# WORK ITEM
Output the listing word for word, minus pictures.

# SUPPLIED MATERIAL
BEGIN
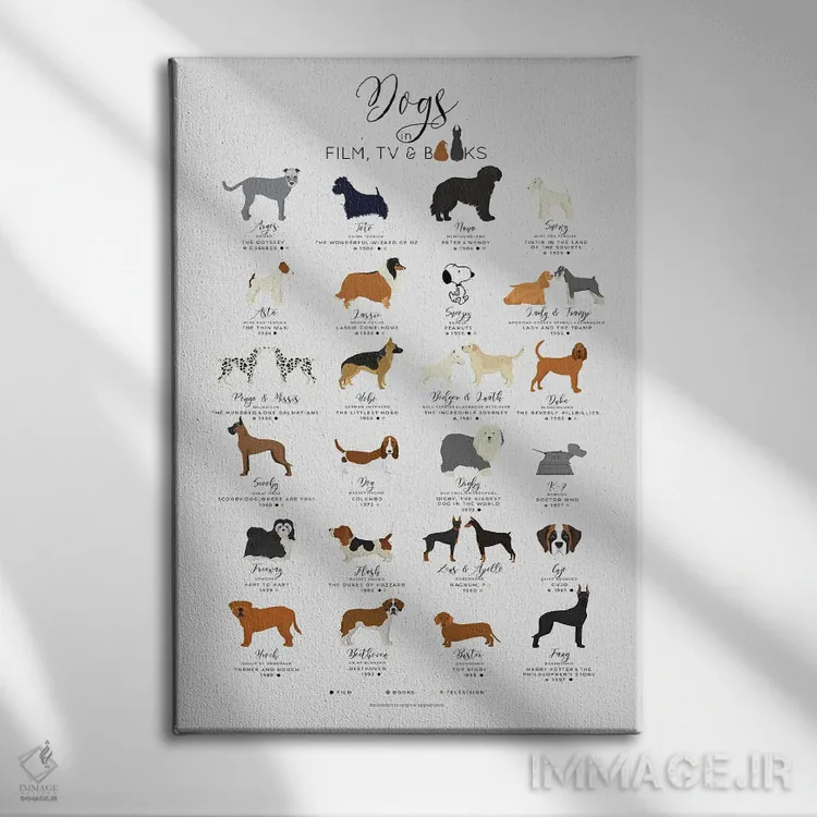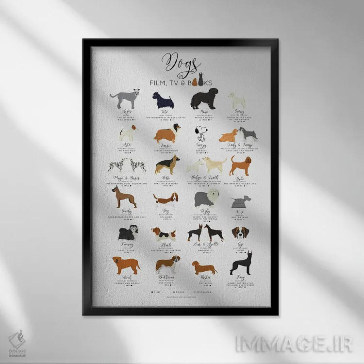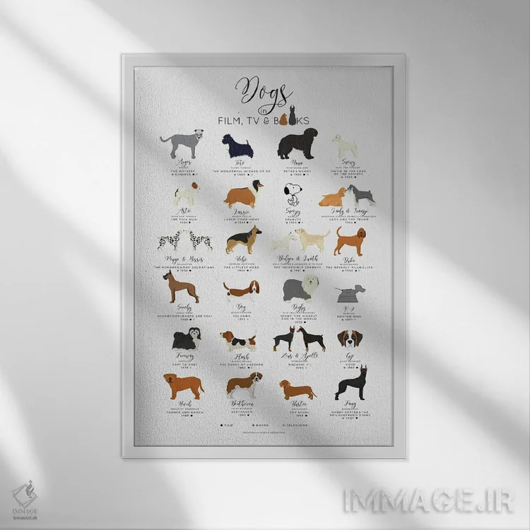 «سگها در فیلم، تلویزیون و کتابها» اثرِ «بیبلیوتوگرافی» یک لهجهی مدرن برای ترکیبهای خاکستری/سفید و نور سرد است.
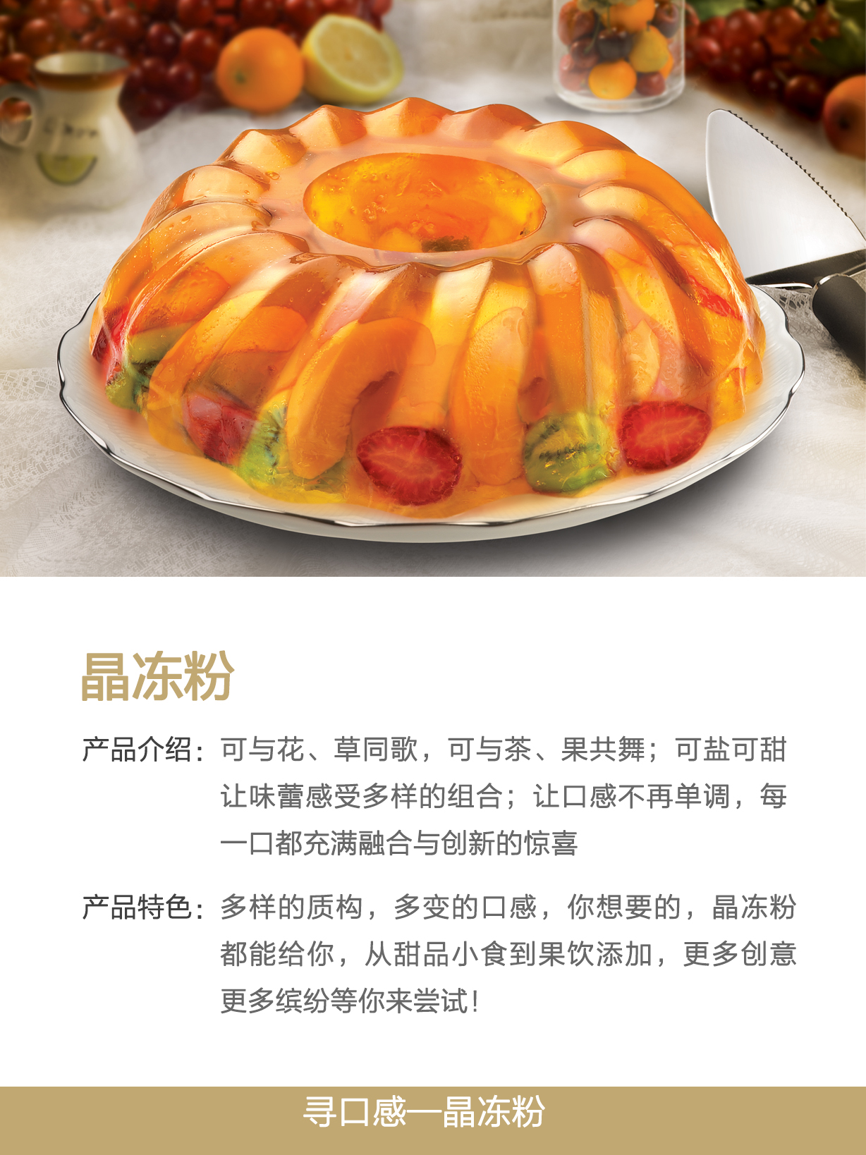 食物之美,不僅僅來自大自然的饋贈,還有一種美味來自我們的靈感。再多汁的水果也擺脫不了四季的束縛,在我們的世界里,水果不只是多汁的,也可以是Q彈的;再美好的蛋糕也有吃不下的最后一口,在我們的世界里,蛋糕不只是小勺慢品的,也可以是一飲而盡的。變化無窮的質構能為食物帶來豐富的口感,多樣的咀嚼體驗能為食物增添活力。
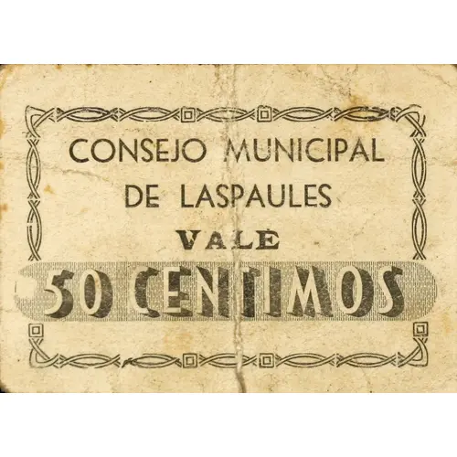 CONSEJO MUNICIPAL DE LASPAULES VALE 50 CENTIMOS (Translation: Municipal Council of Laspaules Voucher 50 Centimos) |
END
# EXERCISE ANSWER
 «سگها در فیلم، تلویزیون و کتابها» اثرِ «بیبلیوتوگرافی» یک لهجهی مدرن برای ترکیبهای خاکستری/سفید و نور سرد است.
 食物之美,不僅僅來自大自然的饋贈,還有一種美味來自我們的靈感。再多汁的水果也擺脫不了四季的束縛,在我們的世界里,水果不只是多汁的,也可以是Q彈的;再美好的蛋糕也有吃不下的最后一口,在我們的世界里,蛋糕不只是小勺慢品的,也可以是一飲而盡的。變化無窮的質構能為食物帶來豐富的口感,多樣的咀嚼體驗能為食物增添活力。
 CONSEJO MUNICIPAL DE LASPAULES VALE 50 CENTIMOS (Translation: Municipal Council of Laspaules Voucher 50 Centimos) |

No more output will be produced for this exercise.